Using the Earnings Power Value framework with a WACC of 5.9% and normalized earnings of $1.3B, The J. M. Smucker Company has a fair value of $129.85 per share. The EPV range is $88.64 – $199.43 based on WACC sensitivity (4.4% – 7.4%).
| Low | Selected | High | |
|---|---|---|---|
| Normalized Earnings | 1,260 | 1,260 | 1,260 |
| (/) WACC | 7.4% | 5.9% | 4.4% |
| Enterprise Value | 17,123 | 21,508 | 28,911 |
| (-) Net debt | 7,692 | 7,692 | 7,692 |
| Equity Value | 9,431 | 13,816 | 21,219 |
| (/) Outstanding shares | 106 | 106 | 106 |
| Fair Price | $88.64 | $129.85 | $199.43 |
Earnings Power Value (EPV) estimates what a company is worth based on its current normalized earnings, assuming zero growth. It values the business as a perpetuity: Normalized Earnings / WACC. This gives a conservative floor value — the company's worth if it never grows but maintains its current profitability.

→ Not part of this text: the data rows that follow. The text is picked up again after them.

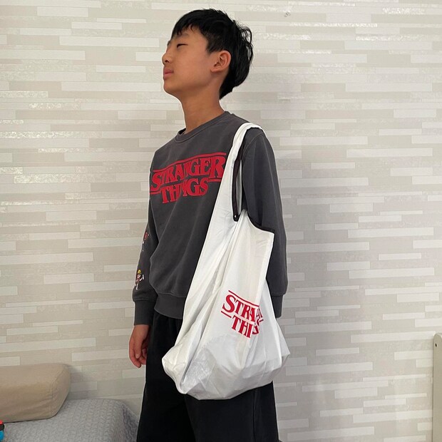 せっかくなので、ちょうどストシンスウェットを着ていた長男に持ってもらいましょう👦145cmが持つとこんな感じです😁
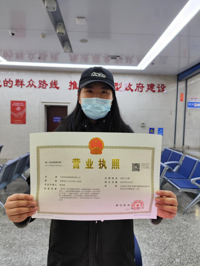 另一位韩女士在元旦假期拿到新能源行业的营业执照。前期,韩女士在“山东政务服务网”进行线上申请公司设立,并通过“全市通办”的方式,将材料提交给东港区行政审批服务局进行受理核准。与窗口工作人员约定元旦假期办理业务后,在1月1日当天便拿到营业执照。
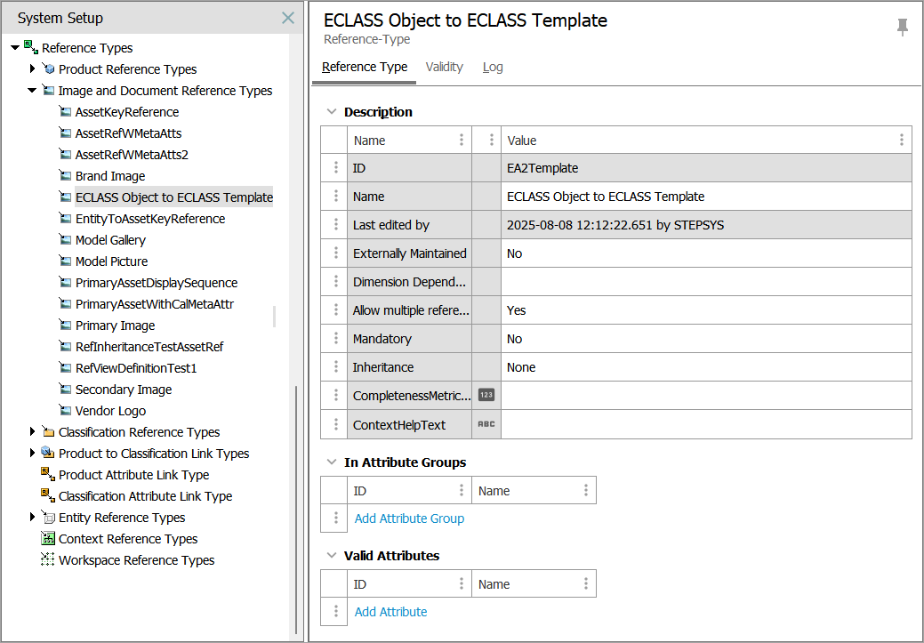 Template definition reference type: Choose the reference type that is used to connect the products with the ECLASS Template asset objects.
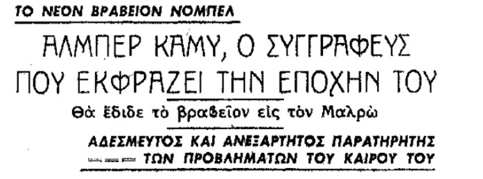 Τότε, «ΤΟ ΒΗΜΑ» της 18ης Οκτωβρίου 1957 έγραφε: «Ακριβώς όμως αυτή είναι η σημασία του έργου του Καμύ: Ότι ο άνθρωπος αυτός , ο οποίος έχει με το έργο και την προσωπικότητά του καθρεφτίσει τόσο πολύ τα προβλήματα και τις αγωνίες του καιρού του, ο οποίος υπήρξε μάλιστα πολιτικός, αρθρογράφος και σχολιαστής, δεν δεσμεύθηκε ποτέ από κανένα κόμμα και καμμιά παράταξι, αρνούμενος κάθε “ένταξι” στερητική της ανεξαρτησίας του και κρίνοντας το σύνολο των προβλημάτων που επεξεργάζετο και των πτυχών που άγγιζε με τα κριτήρια και την προοπτική του ανθρωπισμού.
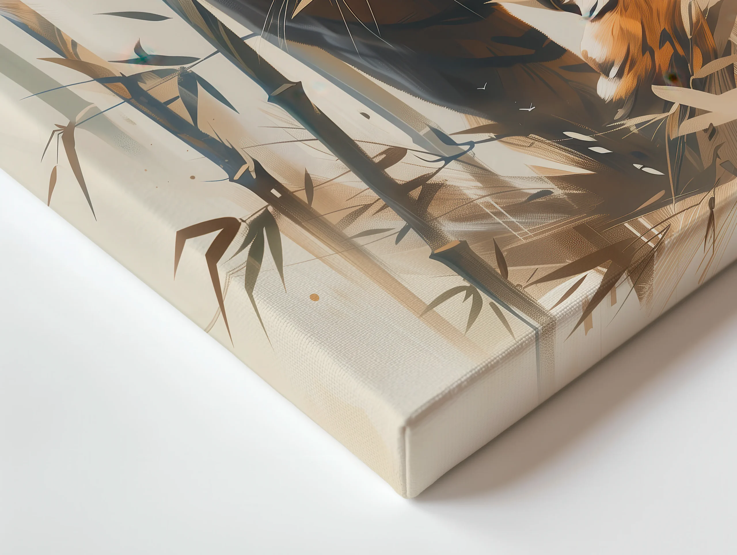 Tiger in Bamboo Mist — Wildlife Tiger in Dynamic Jungle Wall Art — Thin Canvas
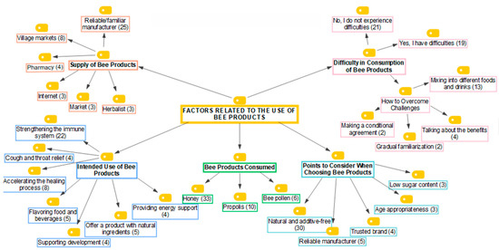 Figure 2 illustrates that parents’ opinions on the use of bee products for their children were categorized into five groups. These categories include: consumption of bee products, intended use of bee products, considerations for preferring bee products, difficulties in consuming bee products, and the supply of bee products.
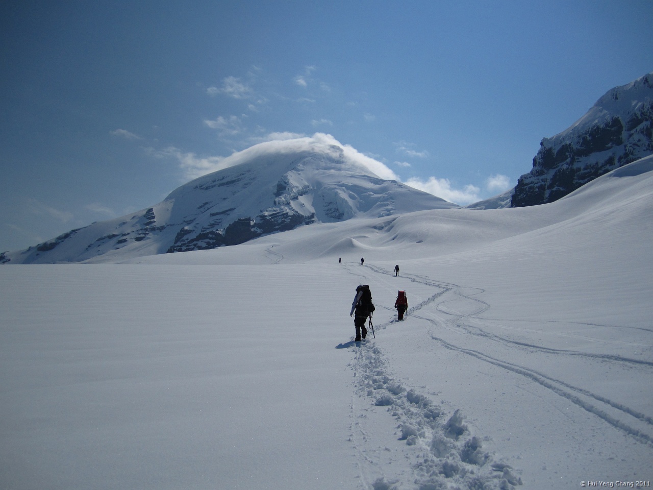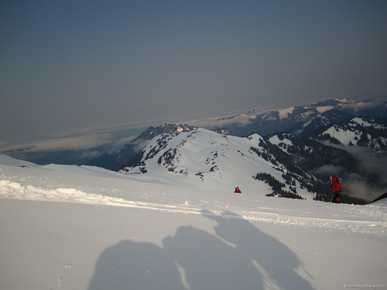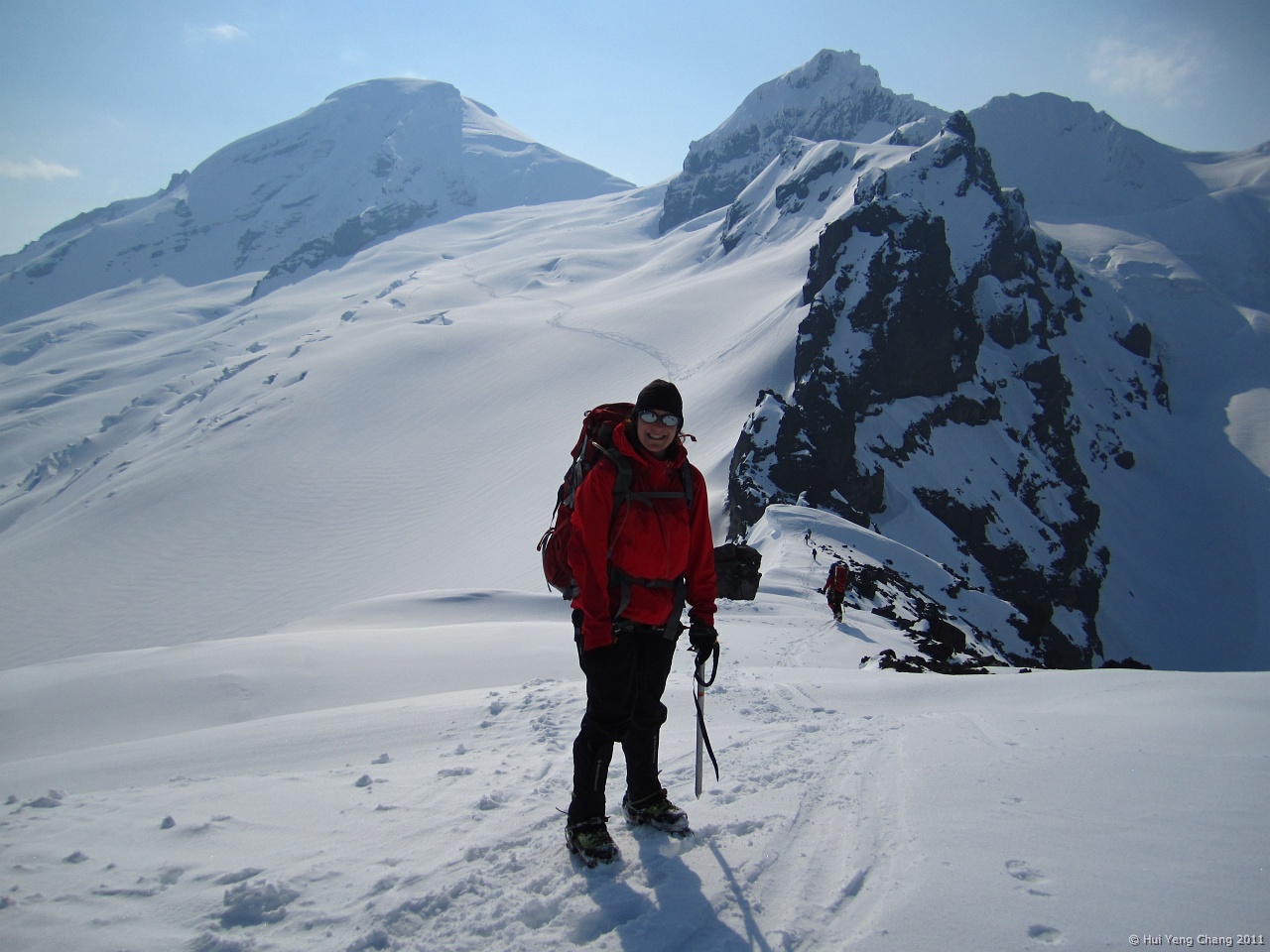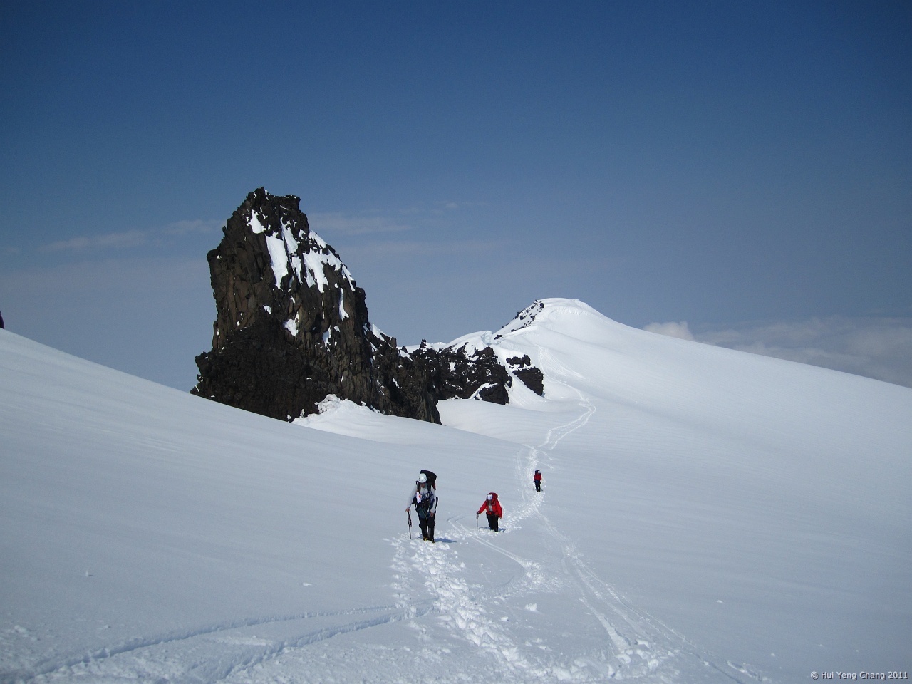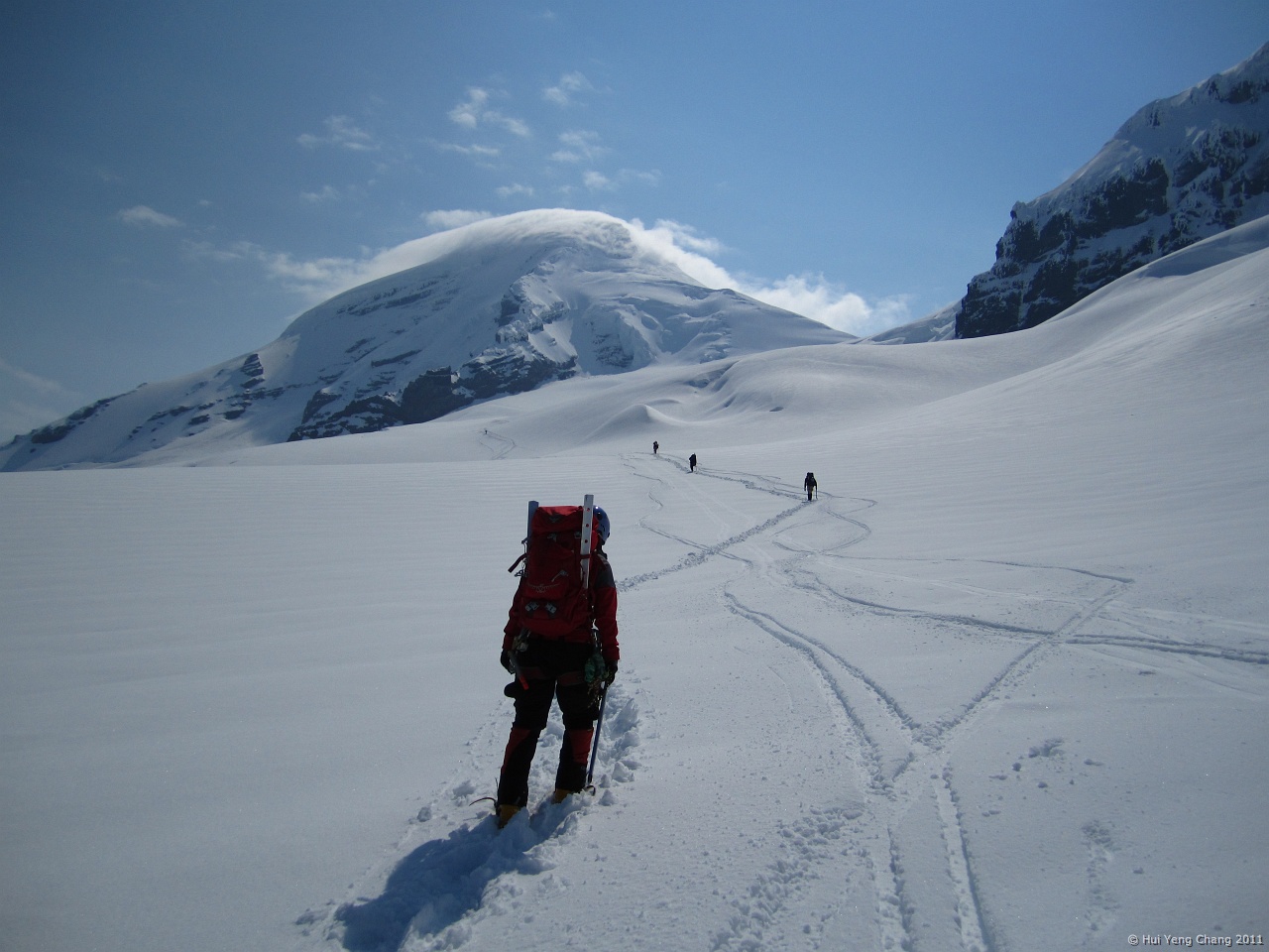 After a quick break, we headed up the last big snow cone before the summit. I fell behind Rob, Jen and Jeff when I stopped to deal with my glacier glasses. The sun was behind us at this point, and the rays sneaked in through the tiny gap between my right temple and the glasses, I was began to see spots. Fearing that I may develop snow blindness if I didn't take care of it, I stopped to double up my glasses with my goggle to ensure a better protection. It sure felt much better after the adjustment, I could open my eyes again. By now, I had fell far behind the faster trio. They were doing all the hard work of kicking steps up the snowfield.

The model normalizes earnings by: (1) using sustainable gross margins (5-year average) applied to current revenue, (2) deducting maintenance-level operating expenses (average R&D + SG&A as % of revenue), (3) applying the average effective tax rate, and (4) subtracting the average excess of CapEx over D&A (net reinvestment needed to maintain current capacity).
EPV is most useful as a comparison anchor: if the market price is below EPV, the stock may be undervalued even without any growth. If market price exceeds EPV, the premium reflects growth expectations — which may or may not materialize.